---------- SUPPLIED DATA ----------

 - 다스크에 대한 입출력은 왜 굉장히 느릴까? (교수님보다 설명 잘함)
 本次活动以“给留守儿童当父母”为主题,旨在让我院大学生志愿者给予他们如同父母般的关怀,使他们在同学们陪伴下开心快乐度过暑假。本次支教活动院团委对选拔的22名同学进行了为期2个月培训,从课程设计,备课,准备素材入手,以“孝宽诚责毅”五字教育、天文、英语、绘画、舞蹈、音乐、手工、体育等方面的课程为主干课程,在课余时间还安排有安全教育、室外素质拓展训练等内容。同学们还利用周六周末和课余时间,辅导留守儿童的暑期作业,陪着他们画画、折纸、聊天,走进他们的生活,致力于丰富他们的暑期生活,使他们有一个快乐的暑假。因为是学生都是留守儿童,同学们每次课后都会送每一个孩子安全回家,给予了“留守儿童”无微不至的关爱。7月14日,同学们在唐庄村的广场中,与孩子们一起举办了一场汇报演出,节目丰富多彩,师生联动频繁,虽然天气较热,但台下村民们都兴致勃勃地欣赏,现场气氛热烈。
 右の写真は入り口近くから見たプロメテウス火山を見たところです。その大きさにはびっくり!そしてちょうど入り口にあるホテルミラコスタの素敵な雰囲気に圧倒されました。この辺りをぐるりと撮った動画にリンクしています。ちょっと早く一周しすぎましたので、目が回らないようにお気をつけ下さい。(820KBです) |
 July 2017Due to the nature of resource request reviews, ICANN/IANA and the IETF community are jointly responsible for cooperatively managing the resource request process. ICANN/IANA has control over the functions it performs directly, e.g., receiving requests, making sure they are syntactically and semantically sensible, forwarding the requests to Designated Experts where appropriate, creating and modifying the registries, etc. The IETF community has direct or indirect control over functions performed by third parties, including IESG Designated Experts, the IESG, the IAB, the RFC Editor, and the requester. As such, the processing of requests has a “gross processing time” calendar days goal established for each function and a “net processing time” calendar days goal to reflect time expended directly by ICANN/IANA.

----------
---------- SUPPLIED DATA ----------

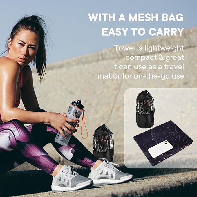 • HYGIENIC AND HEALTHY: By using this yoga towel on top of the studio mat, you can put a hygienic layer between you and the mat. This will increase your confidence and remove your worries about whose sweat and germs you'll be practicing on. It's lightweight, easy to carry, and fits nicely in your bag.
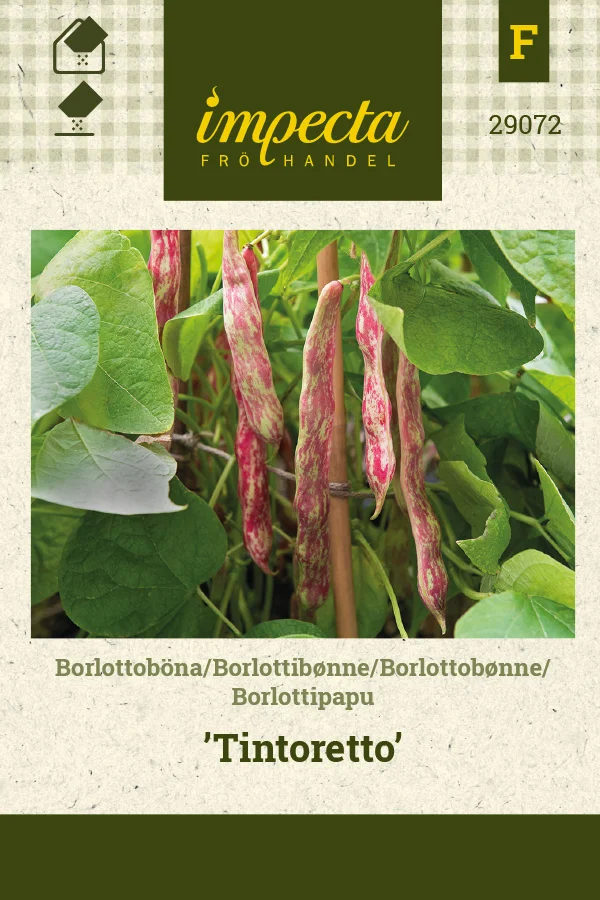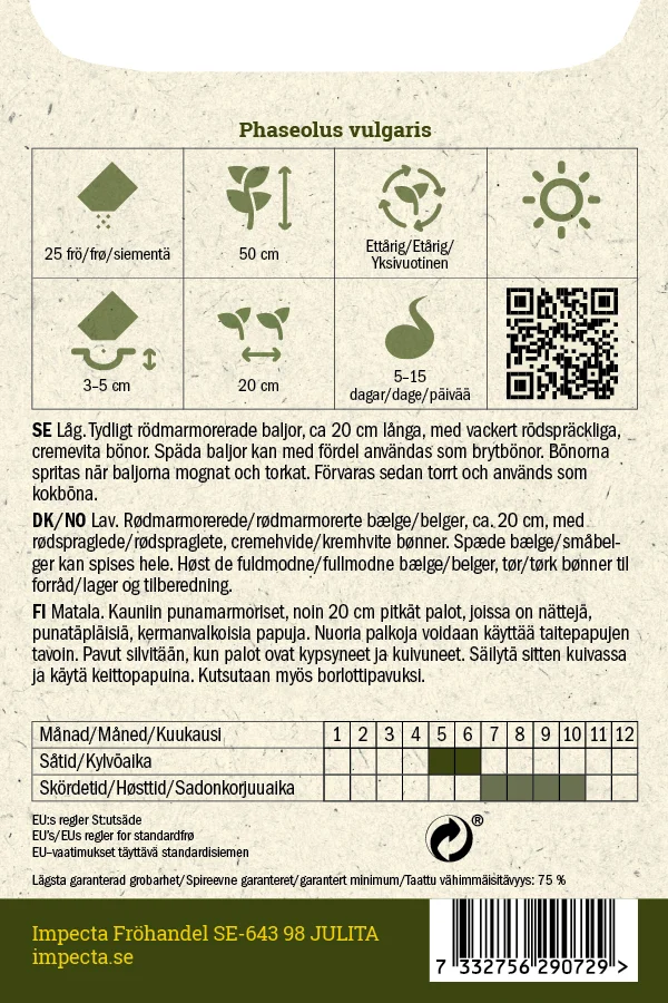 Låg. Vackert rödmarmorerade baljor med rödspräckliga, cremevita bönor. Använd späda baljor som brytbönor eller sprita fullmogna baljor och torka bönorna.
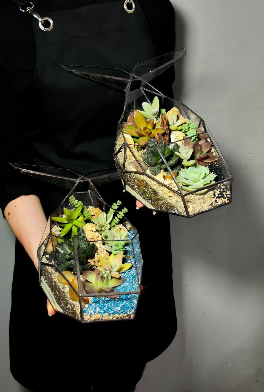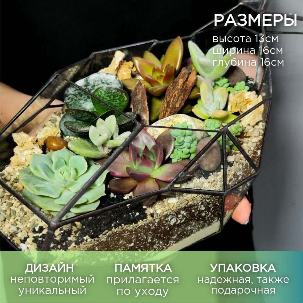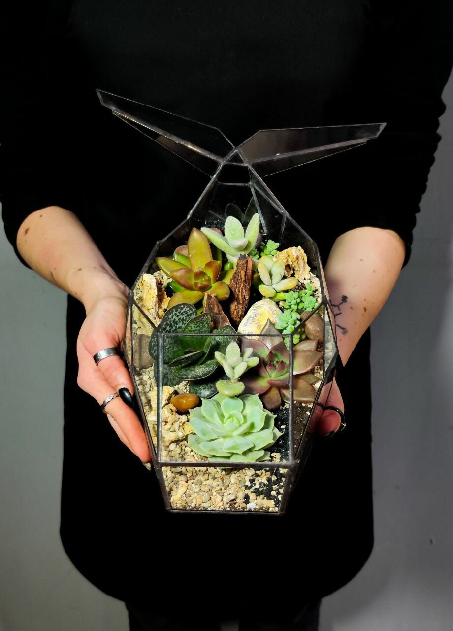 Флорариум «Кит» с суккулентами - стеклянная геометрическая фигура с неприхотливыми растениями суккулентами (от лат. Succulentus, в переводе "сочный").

----------

● **TASK STATEMENT**:
Within the material above, transcribe exactly the lines that run from the line holding "右の写真は入り口近くから見た" through the line holding "July 2017Due to".

● **EXERCISE ANSWER**:
 右の写真は入り口近くから見たプロメテウス火山を見たところです。その大きさにはびっくり!そしてちょうど入り口にあるホテルミラコスタの素敵な雰囲気に圧倒されました。この辺りをぐるりと撮った動画にリンクしています。ちょっと早く一周しすぎましたので、目が回らないようにお気をつけ下さい。(820KBです) |
 July 2017Due to the nature of resource request reviews, ICANN/IANA and the IETF community are jointly responsible for cooperatively managing the resource request process. ICANN/IANA has control over the functions it performs directly, e.g., receiving requests, making sure they are syntactically and semantically sensible, forwarding the requests to Designated Experts where appropriate, creating and modifying the registries, etc. The IETF community has direct or indirect control over functions performed by third parties, including IESG Designated Experts, the IESG, the IAB, the RFC Editor, and the requester. As such, the processing of requests has a “gross processing time” calendar days goal established for each function and a “net processing time” calendar days goal to reflect time expended directly by ICANN/IANA.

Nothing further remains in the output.